В поэме «Исаак и Авраам» все от начала до конца – это фантазии автора на заданную тему. Они не имеют никакого отношения к Библии, кроме названия и факта жертвоприношения.

И СновА жертвА на огне Кричит:

Вот то, что «ИСААК» по-русски значит.

Подчеркнутые буквы образуют слово «Исаак». Их игра завораживает автора. Он обращает внимание на то, что еврейское «Исаак» стало русским «Исак»:

...По-русски Исаак теряет звук.

Ни тень его, ни дух (стрела в излете)

не ропщут против буквы вместо двух...

И Авраам утратил второе «А», и в результате:

...Будто слух

от мозга заслонился стенкой красной

с тех пор, как он утратил гласный звук

и странно изменился шум согласной.

Разве имеет какое-то значение для поэта, что Исак-Исаак изначально Ицхак, а Авраам получил второе «А» от Бога, который тем самым изменил его судьбу, и Сарай, ставшая Сарой, родила ему сына. Бродского больше занимает игра с буквами, со словами. У него свое божество – Язык, диктующий ему строчки.
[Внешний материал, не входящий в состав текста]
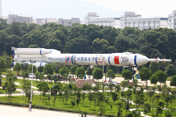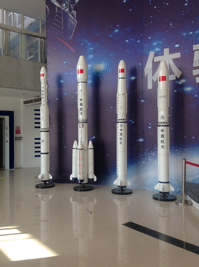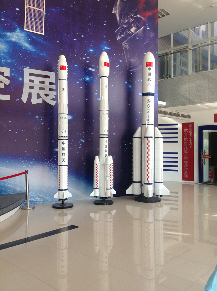 展品:全国首枚仿真原型火箭模型-“CZ-2F”(镇展之宝,我国所有运载火箭中起飞质量最大、长度最长的火箭。神十上天时用的运载火箭就是它。)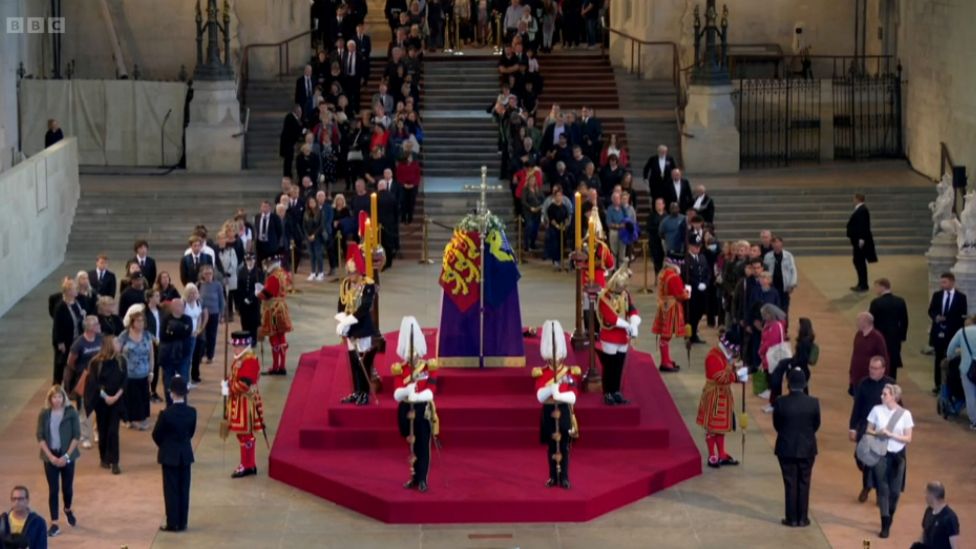 A koporsót szerda délután vitték a királyi család első számú londoni rezidenciájáról, a Buckingham-palotából lovak vontatta ágyútalpon a parlamenthez, ahol felravatalozták. A ravatalozóhelyiség a vasárnap éjfélig tartó időszakban minden egyes nap 24 órán át - esetenként egy-egy órás takarítási szünetekkel - nyitva lesz. A ravatal hétfő hajnalig látogatható, de a becsült várakozási idő alapján a hatóságok várhatóan már előbb lezárják a sort az újonnan csatlakozni kívánók elől. A londoni hatóságok előzetes várakozása szerint a vasárnap éjfélig terjedő négy teljes nap alatt legalább 400 ezren keresik fel II. Erzsébet királynő ravatalát.

В поэме много красивых образов и метафор, но ни малейшего представления о месте драмы, об ее подоплеке, о природе, на фоне которой она происходила. И в каменной иудейской пустыне, к примеру, возникают в поэме песчаные барханы. Поэту все можно, но при чем тут Библия?

Есть, мне кажется, более глубокая причина, почему именно жертвоприношение Исаака стало темой поэмы. «...Мне просто нравилась сама история...» Но судьба четырех поколений семьи от Авраама до Иосифа изобилует не менее потрясающими историями. Не исключено, что на подсознательном уровне поэт сам себя ощущал жертвой. Среда отторгала его, как инородное тело, убивала его. В истории с жертвоприношением поэт отразил собственную судьбу. О чем бы ни писал поэт, он всегда пишет о себе.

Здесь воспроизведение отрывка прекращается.